A series with n elements of dtype Date.

sample_datetime(
n: int = 1,
*,
min: datetime,
max: datetime | None,
resolution: str | None = None,
time_zone: str | tzinfo | None = None,
time_unit: Literal['ns', 'us', 'ms'] = 'us',
null_probability: float = 0.0,
) Series[source]#

Sample a list of datetimes in the provided range.

Parameters:
  • n – The number of datetimes to sample.

  • min – The minimum datetime to sample (inclusive).

  • max – The maximum datetime to sample (exclusive). ‘10000-01-01’ when None.

  • resolution – The resolution that datetimes in the column must have. This uses the formatting language used by polars datetime round method.

  • time_unit – The time unit of the datetime column. Defaults to us (microseconds).

  • time_zone – The time zone that datetimes in the column must have. The time zone must use a valid IANA time zone name identifier e.x. Etc/UTC or America/New_York.

  • null_probability – The probability of an element being null.

Returns:

A series with n elements of dtype Datetime.

sample_duration(
n: int = 1,
*,
min: timedelta,
max: timedelta,
resolution: str | None = None,
null_probability: float = 0.0,
) Series[source]#

Sample a list of durations in the provided range.

Parameters:
  • n – The number of durations to sample.

  • min – The minimum duration to sample (inclusive).

  • max – The maximum duration to sample (exclusive).

  • resolution – The resolution that durations in the column must have. This uses the formatting language used by polars datetime round method.

  • null_probability – The probability of an element being null.

Returns:

A series with n elements of dtype Duration.

sample_float(
n: int = 1,
*,
min: float,
max: float,
null_probability: float = 0.0,
nan_probability: float = 0.0,
inf_probability: float = 0.0,
) Series[source]#

Sample a list of floating point numbers in the specified range.

Parameters:
  • n – The number of floats to sample.

  • min – The minimum float to sample (inclusive).

  • max – The maximum float to sample (exclusive).

  • null_probability – The probability of an element being null.

  • nan_probability – The probability of an element being nan.

  • inf_probability – The probability of an element being inf.

Returns:

A series with n elements of dtype Float64.

sample_int(
n: int = 1,
*,
min: int,
max: int,
null_probability: float = 0.0,
) Series[source]#

Sample a list of integers in the specified range.

Parameters:
  • n – The number of integers to sample.

  • min – The minimum integer to sample (inclusive).

  • max – The maximum integer to sample (exclusive).

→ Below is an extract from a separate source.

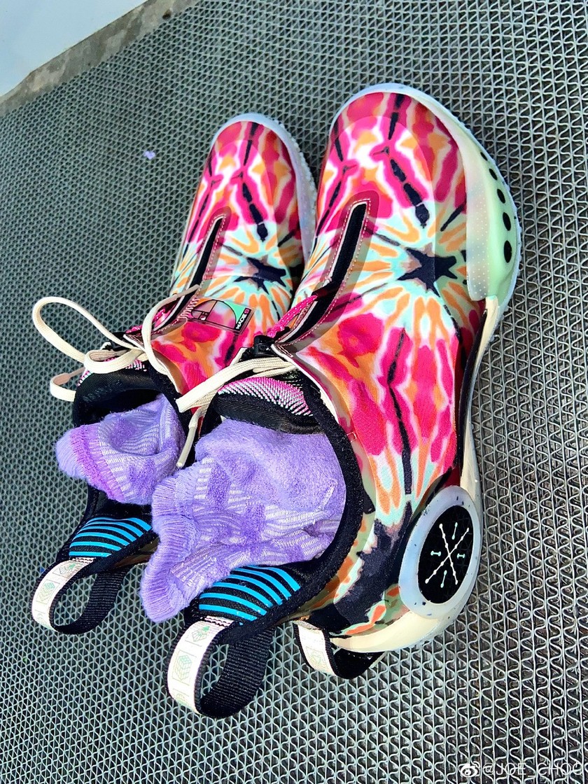 最近韦德之道 9 的设计师 JOE_CHOO 在社交媒体上曝光了一款全新配色的韦德之道 9。整个鞋面印满了粉、橙、绿等彩色不规则组合的图案,视觉效果炸裂。目前该鞋款还未曝光具体发售信息。

  • null_probability – The probability of an element being null.

Returns:

A series with n elements of dtype Int64.

sample_seed() int[source]#

Sample a single integer that can be used as a seed for other RNGs.

Returns:

A seed of type uint32.

sample_string(
n: int = 1,
*,
regex: str,
null_probability: float = 0.0,
) Series[source]#

Sample a list of strings adhering to the provided regex.

Parameters:
  • n – The number of strings to sample.

  • regex – The regex that all elements have to adhere to.

  • null_probability – The probability of an element being null.

Returns:

A series with n elements of dtype String.

sample_time(
n: int = 1,
*,
min: time,
max: time | None,
resolution: str | None = None,
null_probability: float = 0.0,
) Series[source]#

Sample a list of times in the provided range.

Parameters:
  • n – The number of times to sample.

  • min – The minimum time to sample (inclusive).

  • max – The maximum time to sample (exclusive). Midnight when None.

  • resolution – The resolution that times in the column must have. This uses the formatting language used by polars datetime round method.

  • null_probability – The probability of an element being null.

Returns:

A series with n elements of dtype Time.